About six months ago, Typhoon Damrey leveled the district of Nam Tra My.
Of more than 12 typhoons that struck Vietnam last year, November's Damrey was the deadliest, wreaking havoc in Da Nang and Nha Trang. Apart from big cities, other rural areas also caught in Damrey’s wake.
Nam Tra My District in Quang Nam Province, populated by the Ca Dong ethnic minority group, was one such example. In a district where the median income was already quite low, Damrey blew away local infrastructure and housing, causing trillions of dong in damage, according to VnExpress.

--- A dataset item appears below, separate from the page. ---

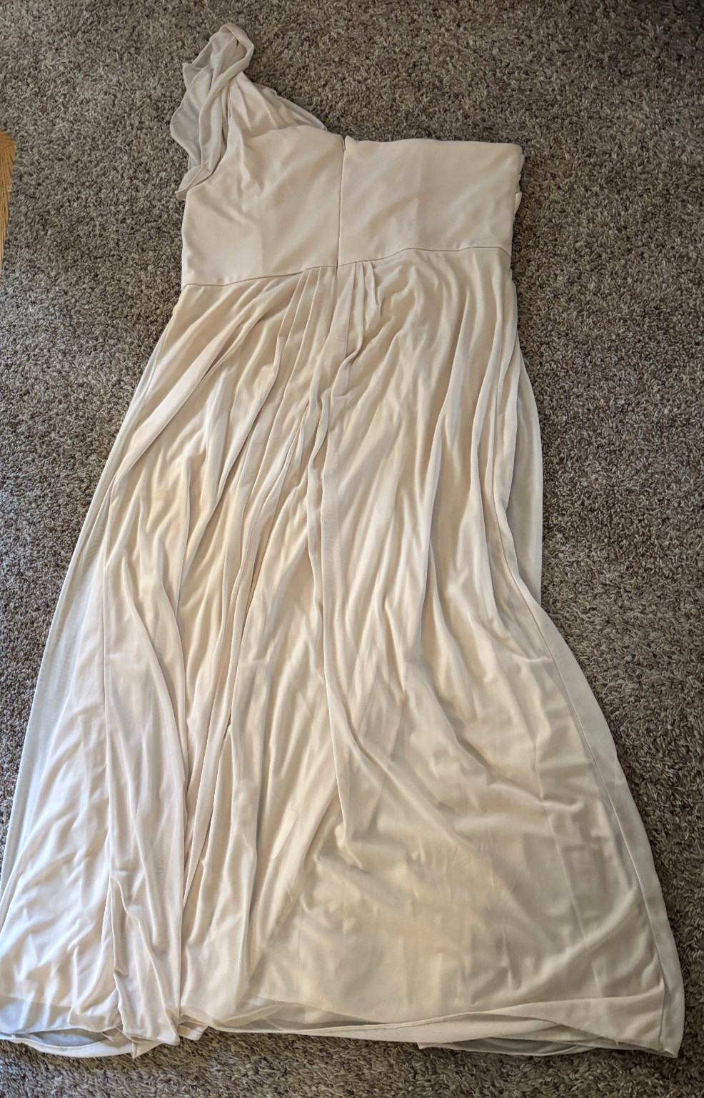 как выглядит DAVID BRIDAL 22W Champagne Beige Chiffon 1 SHOULDER GOWN Formal Bridesmaid Prom фото

Half a year later, not much has changed. Many residents still live in a neighboring village, where they were relocated, and residents in Nam Tra My still don’t have a proper school. Currently, they are making do with a steel-and-canvas classroom described by a local teacher as “mosquito-infested.”

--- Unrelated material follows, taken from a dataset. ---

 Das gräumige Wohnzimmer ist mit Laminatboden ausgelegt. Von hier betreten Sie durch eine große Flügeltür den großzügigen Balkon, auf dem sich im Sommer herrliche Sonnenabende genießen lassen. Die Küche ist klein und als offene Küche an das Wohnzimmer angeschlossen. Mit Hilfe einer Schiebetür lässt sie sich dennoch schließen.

The displaced community is one reality of life in Vietnam, which sits directly in the line of fire of increasingly intense tropical storms. In the mountainside village of Nam Tra My, those storms disproportionately affect children, who have little recourse.
If any positives can be drawn, they lie in the renewed attention being brought to child labor in the country. Last summer, Vietnamese authorities met with the International Labor Organization (ILO) in Hanoi to discuss policy adjustments to make children less vulnerable to droughts, floods and typhoons.
"Natural disasters have a direct impact on children's survivability, physical health and mental well-being. In addition, poverty can force children to leave school and partake in economic activities to relieve the financial burdens their families may face," Nguyen Trong Dam, Deputy Minister of Labor, War Invalids and Social Affairs, told the conference in Vietnamese, according to Thanh Nien.
This claim is supported by dropout rates, which are much higher in rural regions, particularly those populated by ethnic minority groups, like the Ca Dong. One UNICEF study showed that between 40-50% of children in minority areas leave their school system before the upper secondary levels.
UNICEF estimated up to one million children were living in areas affected by Damrey and the subsequent flooding.